The best perennial in the world?
I like hardy geraniums.
I don’t love them. I could live without them.
They don’t make my heart skip a beat. But I like them.
Sometimes it is good just to like something – it allows you to judge it rationally.
Hardy geraniums are useful. They should be a part of every garden just as oats and wholemeal flour should be a part of your diet. Porridge is nice. It is hard to dislike it but you would hardly ask for it as your last meal on death row.
Hardy geraniums are generally easy to grow, have attractive flowers, put up with a wide range of soil types and growing conditions, are good for bees and are just generally good eggs. But most don’t ever have a mass of flowers at one time so they are easily overlooked as your eye goes to more flamboyant plants. That is until we had ‘Rozanne’. Then everything changed.
‘Rozanne’ was an amazing new plant when it was introduced in 2000. And not just because it was a geranium that got me excited.

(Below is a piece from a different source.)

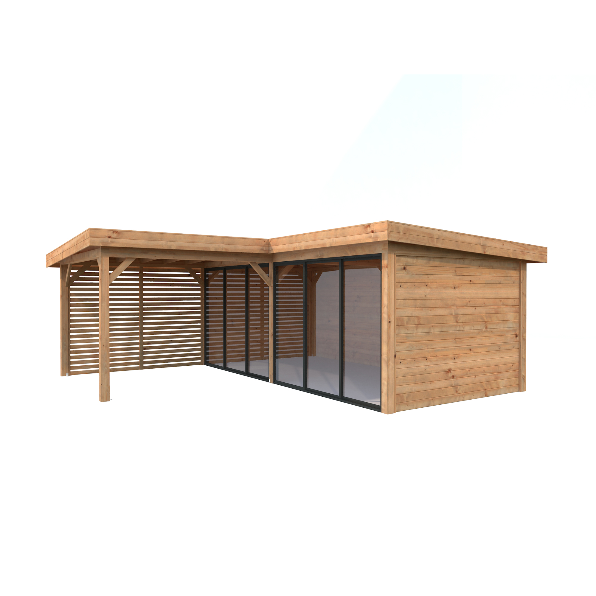 Tillverkad av nordisk gran med 120x120 mm starka limträstolpar och 19 mm takbrädor. Låsbara skjutdörrarna i 24 mm härdat dubbelglas (4 mm härdat glas - 16 mm luftspalt - 4 mm härdat glas) monterat i solida aluminiumprofiler. 28 mm väggstockar.

‘Rozanne’ was first shown to the public at Chelsea Flower Show by Adrian Bloom and it has proved to be a wonderful plant, performing well all over the world. Apart from the fact that it has beautiful flowers and attractive foliage, it flowers on and on and on. It has a sprawling habit that covers the ground effectively but it is not scrawny at all. It is a flowering machine. It was introduced by Adrian Bloom but not bred by him. He was asked to introduce it by Donald and Rozanne Waterer in 1992.
Soon after it was introduced a very similar plant called ‘Jolly Bee’ was introduced from The Netherlands. I had a bit of a relationship with both plants. I was doing some work for Darwin Plants (a wholesale nursery) and went to The Netherlands and saw ‘Jolly Bee’ in commercial production and Marco Van Noort, the nursery owner gave me a jar of ‘Jolly Bee’ honey. The differences between the two plants were minimal and Blooms of Bressingham took out a law suit to contest the origin of ‘Jolly Bee’. It was ruled that the two plants were not distinct genetically or morphologically and Marco lost the case after spending 200,000 euro on it, perhaps proving that in these cases only lawyers win. The two plants were very similar, and I grew both and could not see much difference, especially because the flower colour does vary a little according to the weather. Oh and the honey leaked in my case on the way home.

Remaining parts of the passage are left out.